Restart pace uneven for Canadian oil sands producers after wildfire
By Ernest Scheyder
LAC LA BICHE, Alberta May 12 (Reuters) - Efforts by Canadian oil sands companies to restart production are meeting with uneven results in the wake of a raging wildfire, with CNOOC Ltd's Nexen telling customers it may not be able to fulfill its supply contracts even as other companies have begun resuming operations.
Nexen has issued a force majeure for all of its May production of Canadian heavy crude, two sources said on Thursday, the latest sign that the fire is curbing supply. Force majeure is a contract clause to remove liability for unavoidable catastrophes.
The fire that blazed through oil sands hub Fort McMurray, forcing the evacuation of about 90,000 people last week, has moved into sparsely populated woodlands further east. It spans 229,000 hectares (566,000 acres).
Nexen's Long Lake facility, located south of the community known as Fort Mac, sustained minor damage in the yard from the fire, Alberta officials said this week.
Roughly 1 million barrels per day (bpd) of output were shut down during the fire, about half the oil sands' usual daily production. Alberta holds the world's third-largest crude reserves and is the No. 1 exporter of crude to the United States.

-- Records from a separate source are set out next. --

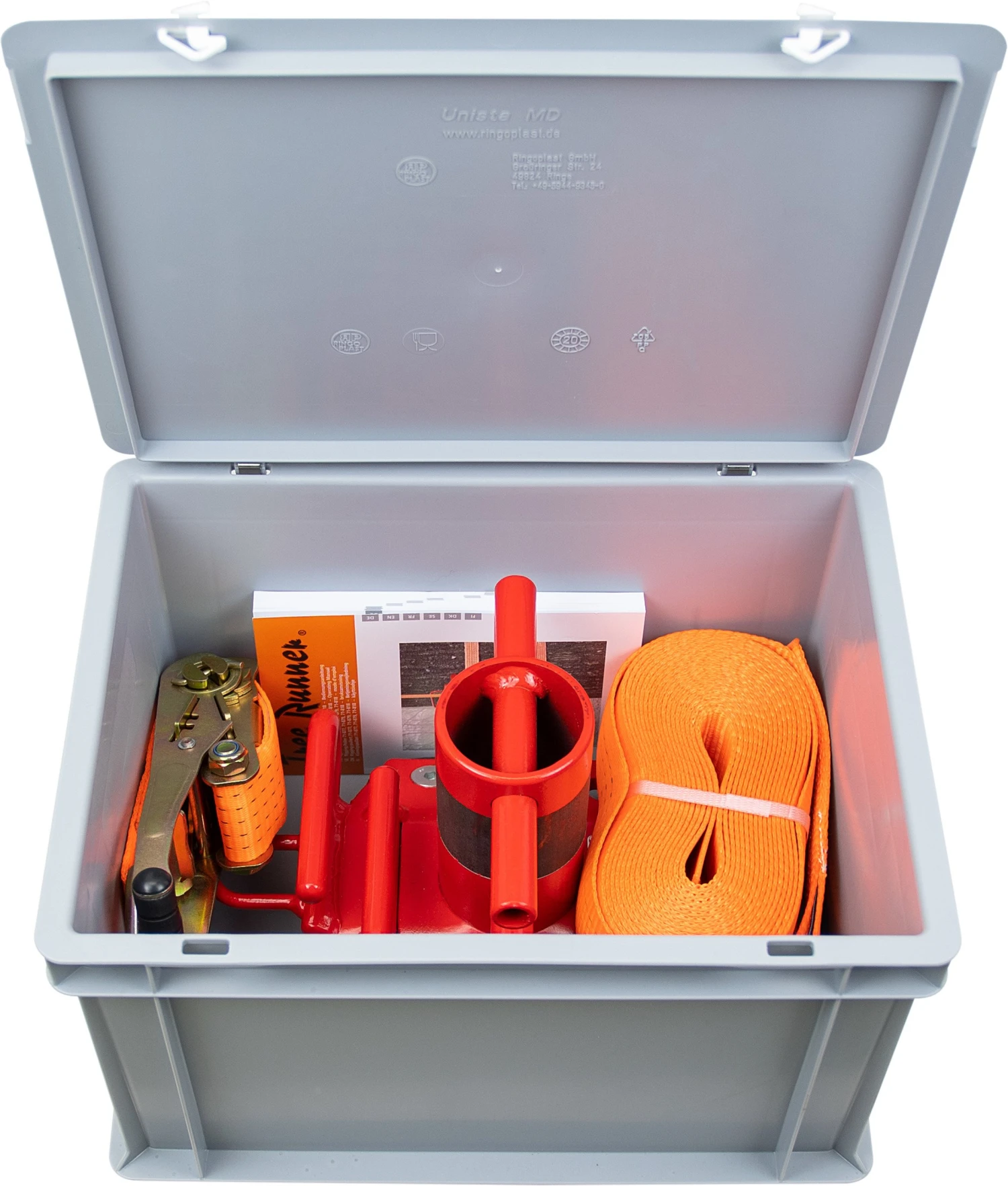 Durch die Seilführung wird das einlaufende Seil von oben bis zu den Seiten sicher geführt. Die vier, 70 mm Ø großen Gummiteller schonen die Rinde optimal. Das Bremsrohr hat einen Durchmesser von 76 mm und eine Stärke von 5 mm. Das Gewicht beträgt 5,8 kg.
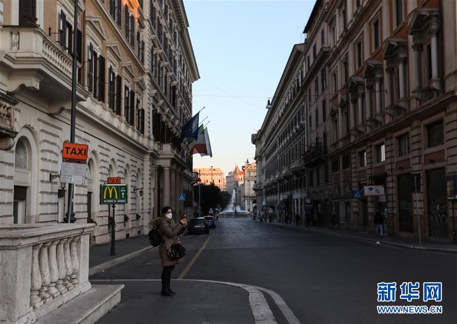 3月15日,在意大利首都羅馬,街頭空無(wú)一人。新華社記者程婷婷攝
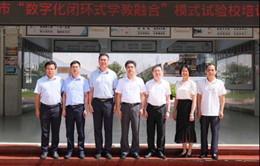 活动现场,胡钦太一行与茂名市委教育工委书记、市教育局党组书记、教育局局长林卫兴,试点学校校长等共同为茂名市“数字化闭环式学教融合”模式试点培训班揭牌,茂名市光华小学和福华小学全体试点教师共同见证。

Late Wednesday, Enbridge Inc said it had restarted its 550,000 bpd Line 18 pipeline, and Royal Dutch Shell Plc has also partly resumed operations in the area.
Travel to Fort McMurray is restricted to essential services, including workers, supplies and equipment for oil sands operations. Suncor Energy Inc workers are expected to begin returning to shuttered facilities on Thursday.